Baccano!: 1934 Alice in Jails: Streets

By Ryohgo Narita and Katsumi Enami. Released in Japan by ASCII Mediaworks. Released in North America by Yen On. Translated by Taylor Engel.

At the end of this volume Narita announces that they’re making an anime (which we have all already seen, of course), and also that after a Prison volume consisting mostly of old favorites, the Streets book mostly features either new cast members or relatively new ones, such as Christopher. That said, while they may have been new to the reader, I’m sure that the anime watcher is finally relieved to see Gustav St. Germain, his assistant/student Carol, and Graham Specter, who were cameo’d in the last book but show up in a major way here. Narita wrote Gustav and Carol into the anime as bookends commenting on the story in a metatextual way, which fits with what they do, and Graham showed up in one of the OAVs, whose events are described here but not shown. Well, at least I assume that folks are enjoying Gustav and Carol. Graham has a few people who just don’t like him, and I get it – like many, many other Narita characters, he won’t shut up.

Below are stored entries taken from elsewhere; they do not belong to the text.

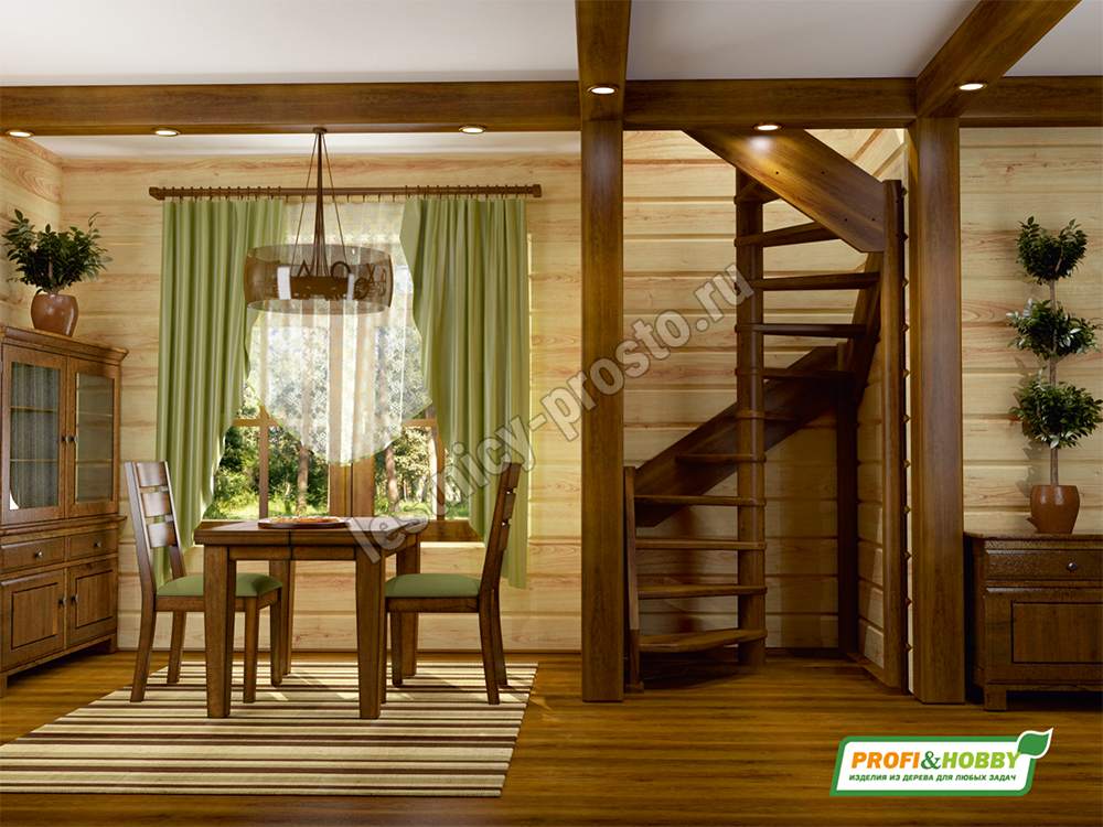 Ступени и поручень лестницы изготовлены из дуба, остальные элементы из сосны.
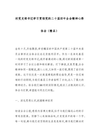 / 村党支部书记学习贯彻党的二十届四中全会精神心得体会(精品)
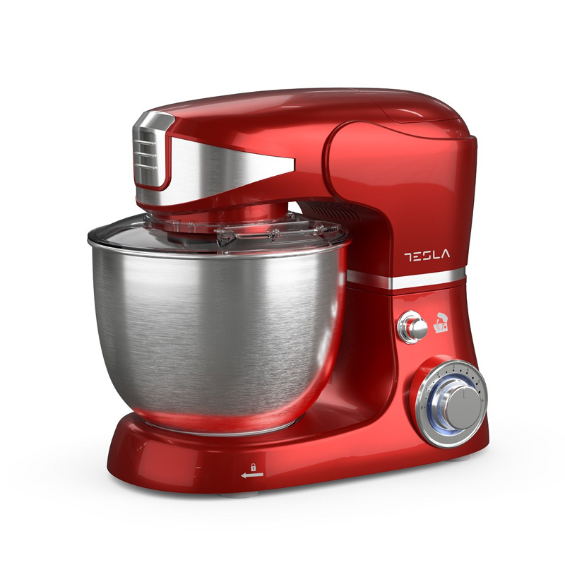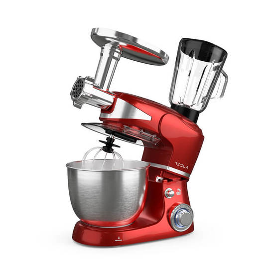 Кухненски робот KR600RA на марката TESLA. Уредът е с мощност 1000 W и купа с вместимост 5 л. Притежава функции месене, мелене и блендер.
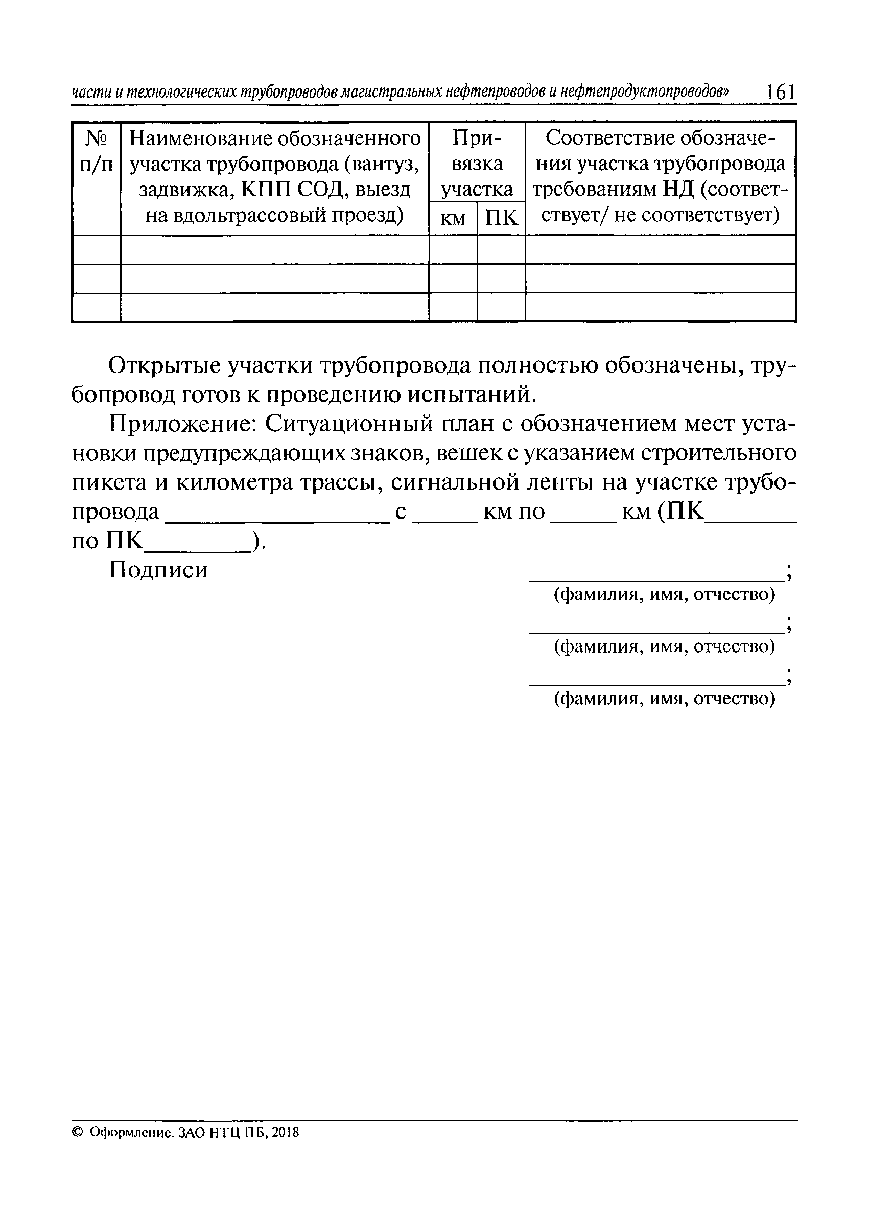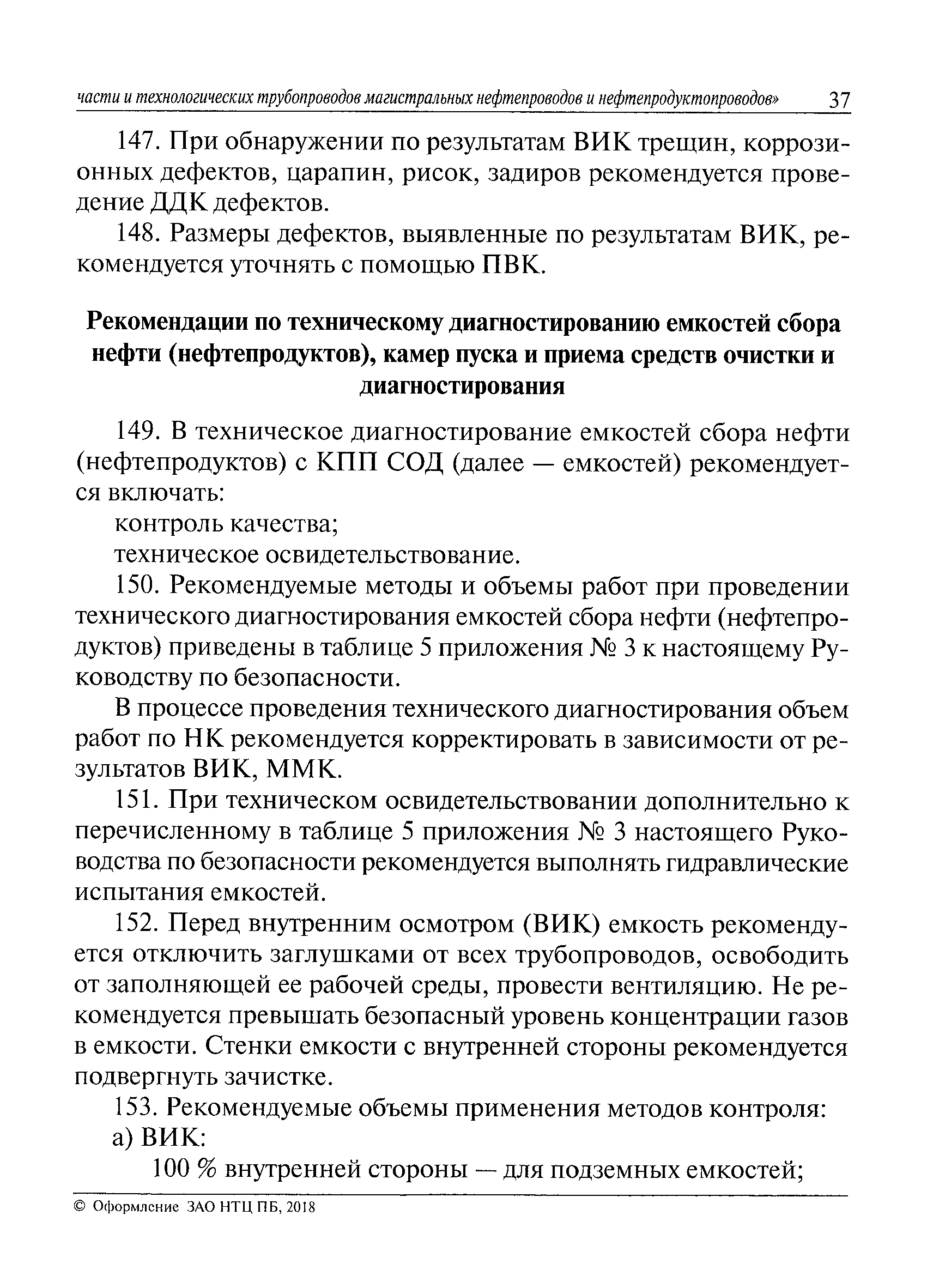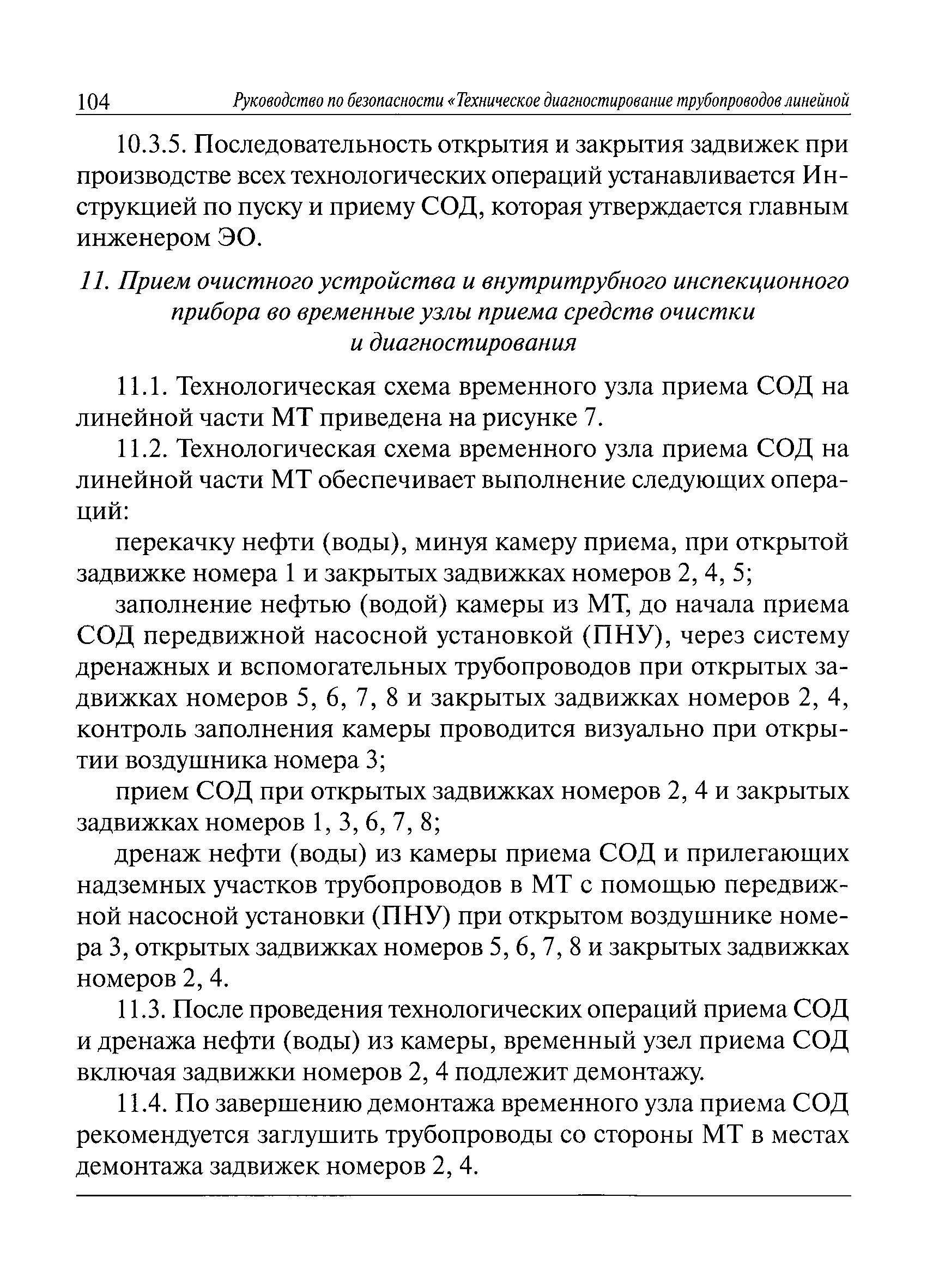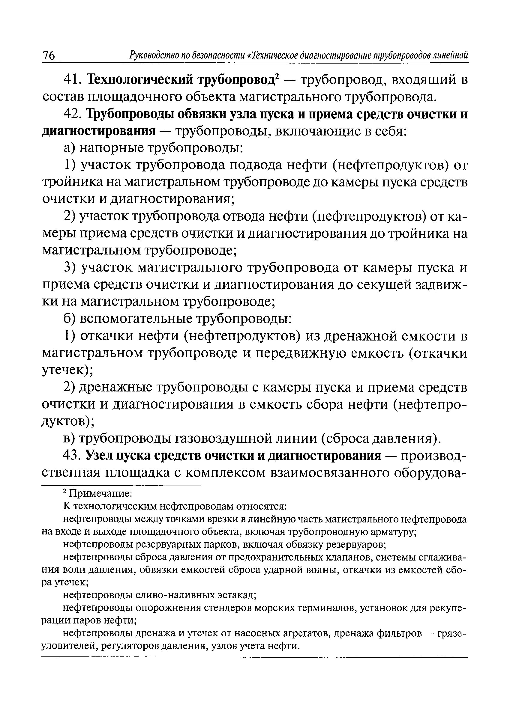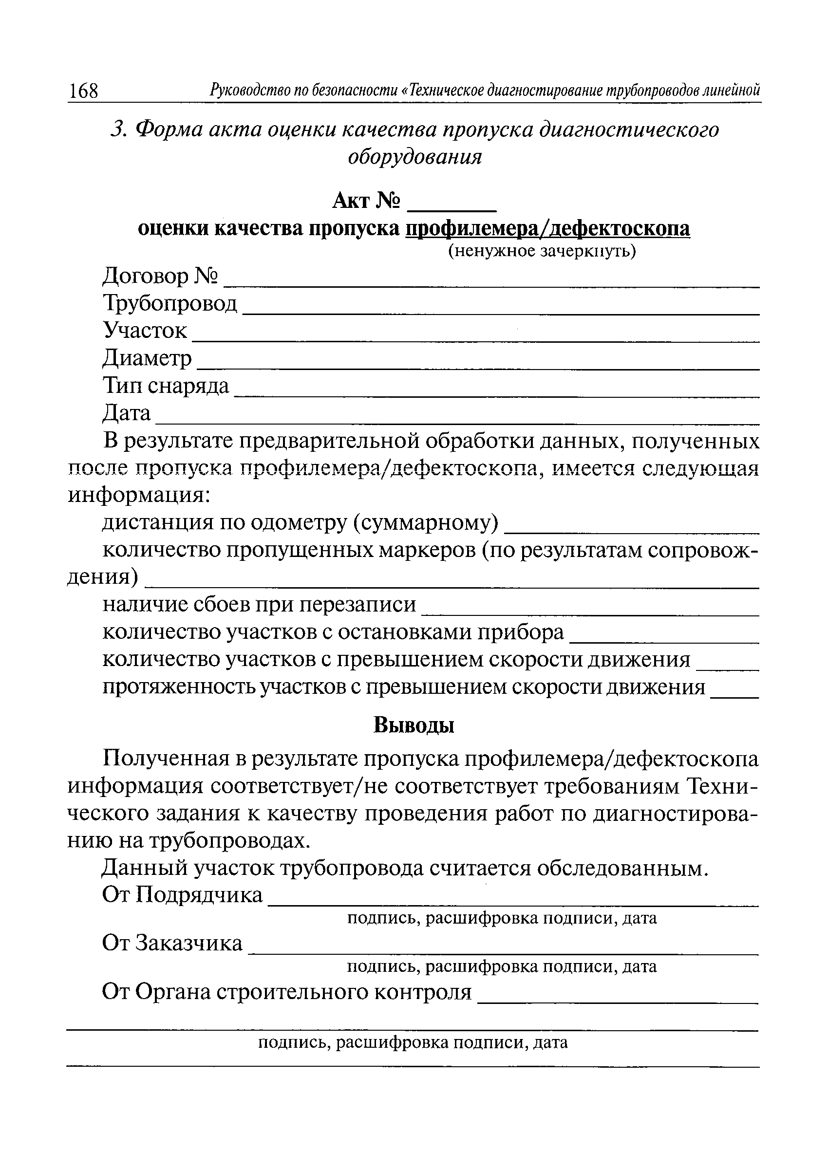 | Оглавление: | I Общие положения II Виды технического диагностирования III Техническое диагностирование линейной части магистральных трубопроводов, законченных строительством. Виды технического диагностирования, выполняемые на трубопроводах, законченных строительством IV Техническое диагностирование линейной части магистральных трубопроводов, находящихся в эксплуатации. Виды технического диагностирования, выполняемые на магистральных трубопроводах, находящихся в эксплуатации V Техническое диагностирование трубопроводов, находящихся в консервации. Виды технического диагностирования, применяемые на трубопроводах, находящихся в консервации, и сроки их проведения VI Техническое диагностирование технологических трубопроводов. Классификация технологических трубопроводов VII Мероприятия по безопасности при испытаниях, очистке и диагностировании трубопровод Приложение 1. Перечень сокращений и их расшифровка Приложение 2. Термины и их определения Приложение 3. Рисунки и таблицы Приложение 4. Рекомендации по методике проведения внутритрубного диагностирования Приложение 5. Рекомендации по видам и срокам проведения технического диагностирования магистральных трубопроводов, находящихся в эксплуатации Приложение 6. Рекомендации по методике выполнения неразрушающего контроля магистральных трубопроводов Приложение 7. Рекомендации по методике проведения работ по электрометрии Приложение 8. Виды работ, проводимые при наружном диагностировании переходов магистральных трубопроводов через водные преграды Приложение 9. Формы предупреждающих знаков Приложение 10. Форма акта на обозначение оборудования и открытых участков трубопровода перед проведением испытаний Приложение 11. Основные рекомендации к выполнению шурфов Приложение 12. Рекомендуемые формы актов при проведении технического диагностирования трубопровода |

Miria is in the foreground of the cover, but doesn’t show up till the end of the book. Same with Huey, whose ominous face takes up the background on the left side. Instead we see Renee, who is introduced to us as almost a parody of the “dojikko” type – busty and gorgeous, but always tripping and bumping into people, and constantly apologizing. Of course, just as we were introduced to Elmer C. Albatross as a smiling, likeable guy and then realized that this was not really correct, it turns out that Renee, like Huey, who she seems to have a connection to, is a bit of a horrible monster. Graham, Gustav and Carol are on the cover as well, in addition to Christopher Shaldred, last seen getting the crap kicked out of him on the side of a building in The Slash. Turns out that had a big effect on him, so in the meantime he’s playing bodyguard to the heir to the Russo family, Ricardo, who turns out to also have some big secrets. Not pictured is Lua Klein, Ladd’s girlfriend, who the Russos have locked up, presumably as leverage. Given Lua’s ultra-passive personality, you’d think they could just tell her to leave, but she does make an effort to escape when it presents itself.

That said, though, I think the most important part of the cast (also not pictured) is Rail, also one of the Lamia/Larva group we’ve come to know, and (as all of them are) one of Huey’s homunculus experiments. Huey’s view of everyone as an experiment tends to dehumanize them, and Renee clearly feels the same way. Add this to their not being “born” the way normal humans are, and the horrific tortures they’ve been forced to undergo, and it’s no surprise that most of Lamia are a bit eccentric. Rail is not sure about such basic things as humanity, and the events in this book really don’t help. That said, the majority of this book, as with a lot of Narita’s works, is a big series of fights and battles, combined with explosions (Rail loves to use bombs, although they are apparently not as good as another bomber we’ve seen in this series).

At the end of the book Miria and Jacuzzi’s gang are back in Chicago, trying to meet up with Isaac, who can only afford rail fare to there. So no doubt Peter Pan in Chains will bring the old and new cast together for a big finale. In the meantime, despite being filled with new characters you’re still learning about, this is a typically fun volume of Baccano!.